その日私は既に寝ていましたが、部屋の戸をがんがんと叩く音に目を覚ましました。何事かと思ったら熊谷が訪ねて来たのです。熊谷はクラスの同級生柴崎の

友人で知り合って日も浅く、大した付き合いも無いので何の用事かと思ったら、麻雀をしようというのです。

もう今日は寝てるからと断ったのですが、今秋田の実家から帰ってきた。京都駅から真っ直ぐここへ来た。麻雀をするのを楽しみに来た、と切々と訴えるのです。

熊谷ことクマは大人しくて、謙虚で人が良いやつで、妙に燃えているので、断り切れずにやる事にしました。

時間をみると夜の11時。その頃私は今までの怠惰な生活を改め、就職試験に備えて9時就寝5時起床で頑張っていたのです。好きだった麻雀も止めて中々決まらない

就職活動に少しピリピリしていました。

近所の柴崎のところに行くと柴崎と伊藤君がいて、和気あいあいと早速麻雀は始まりました。中でもクマは何がそんなに嬉しいのかと思うほどテンション高く

はしゃいで嬉しそうでした。

東1局私の親で、配牌で中が暗刻、白が2枚で発が1枚。ほどなく発を引いてポンすると白をつもり親の大三元を聴牌しました。すぐクマが放銃してくれました。
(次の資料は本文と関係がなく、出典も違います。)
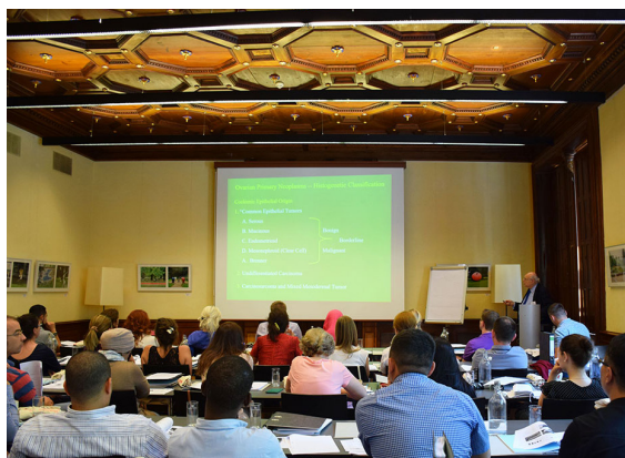
Rycina 4. Wśród wykładowców znajdują się czołowi specjaliści w swoich dziedzinach z Europy i Stanów Zjednoczonych

osób zainteresowanych nauką nowych technik laboratoryjnych, nawiązaniem współpracy naukowej lub realizacją projektu badawczego jest ubieganie się o 3-miesięczne stypendium badawcze OMI. Organizatorzy zapewniają zakwaterowanie oraz kieszonkowe na czas pobytu w ośrodku goszczącym.

東1局の親の大三元。4万8千点です。皆大笑い。クマはあははと笑うしかありません。わざわざ秋田から帰って来て、やりたくてやりたくて寝てる私を起こしに来て

始めた麻雀で、始めたと思ったら親に大三元放銃。このために秋田から京都駅へ戻って、駆けつけて来たのかと思うと心境は如何ばかり。

それからクマも大三元を売ったショックか、点棒を取り返そうと一生懸命になったのかすぐ口数も減りました。クマ全く良いところが無く南入、また私の親です。

何と白、中とないて発と壱萬のしゃぼ待ち。発が出れば大三元です。白、中2色ないているので誰も振らないだろうと思っていましたが、クマは下手なので発切って

くるのではと心配になってきました。クマからは上がりたくありません。私はこういう時気の毒になってしまうのです。「高いから振るなよ」と私は宣言しました。

それなのにクマのバカは「一度振ってるからもういい、いけぇー」と言って発を切って来ました。本当に馬鹿な奴です。